PSI/Net
Page 3
"What's your point, Doc?"
She leaned forward. Her hand shook as she raised it. "We were psychic spies, remote viewers, who could see what was happening on the other side of the world, but you know what? We couldn't see what was right under our noses."
"I believe it. But so what? That's over."
"Do you remember when we found out that the Fort Meade group was getting the same targets we were?"
"Yeah, we thought it was a lot of useless duplication, as I recall, and it was. But that's the military."
"It was more than that."
"Okay. So what's the story? I know you didn't drive all the way here from Ouray for a late-night chat about old times."
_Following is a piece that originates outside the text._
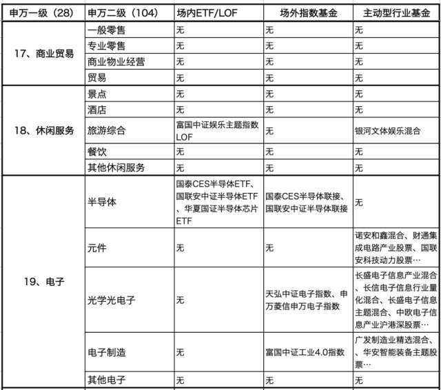 17、商业贸易。无对应行业基金。18、休闲服务。二级行业旅游综合对应的场内外指数基金有富国中证娱乐主题指数LOF,主动型行业基金有银河文体娱乐混合。19、电子。二级行业半导体对应的场内基金有国泰CES半导体ETF、国联安中证半导体ETF、华夏国证半导体芯片ETF,场外指数基金是前两只的联接基金;二级行业元件对应的主动型行业基金有诺安和鑫混合、财通集成电路产业股票、国联安科技动力股票;二级行业光学光电子场外基金有天弘中证电子指数、申万菱信申万电子指数,主动型行业基金有长盛电子信息产业混合、长信电子信息行业量化混合、长盛电子信息主题混合、中欧电子信息产业沪港深股票;二级行业电子制造对应的场外指数基金有富国中证工业4.0指数分级,主动型行业基金有广发制造业精选混合、华安智能装备主题股票。

"About three months ago, our old buddy, Eduardo Perez, showed up at my door."
"Ah, Eduardo, the lotto king. What's he doing with his millions, building bunkers?"
Perez had been the only remote viewer who had won a lottery. He had attempted to see the winning numbers week after week, but always missed, rarely hitting more than one or two. Then one night, as the story went, instead of numbers, he glimpsed a name: Yaro Lu. He didn't know who it was or what it meant. But he changed the letters to numbers, according to their placement in the alphabet, and played them. Yaro Lu hit a jackpot worth eight million dollars.
"Not a bad guess. I'll get to that. After the project ended, he tried to find out more about Eagle's Nest. So he invoked the Freedom of Information Act and got his hands on a document that referred to the Fort Meade remote viewers as a control group."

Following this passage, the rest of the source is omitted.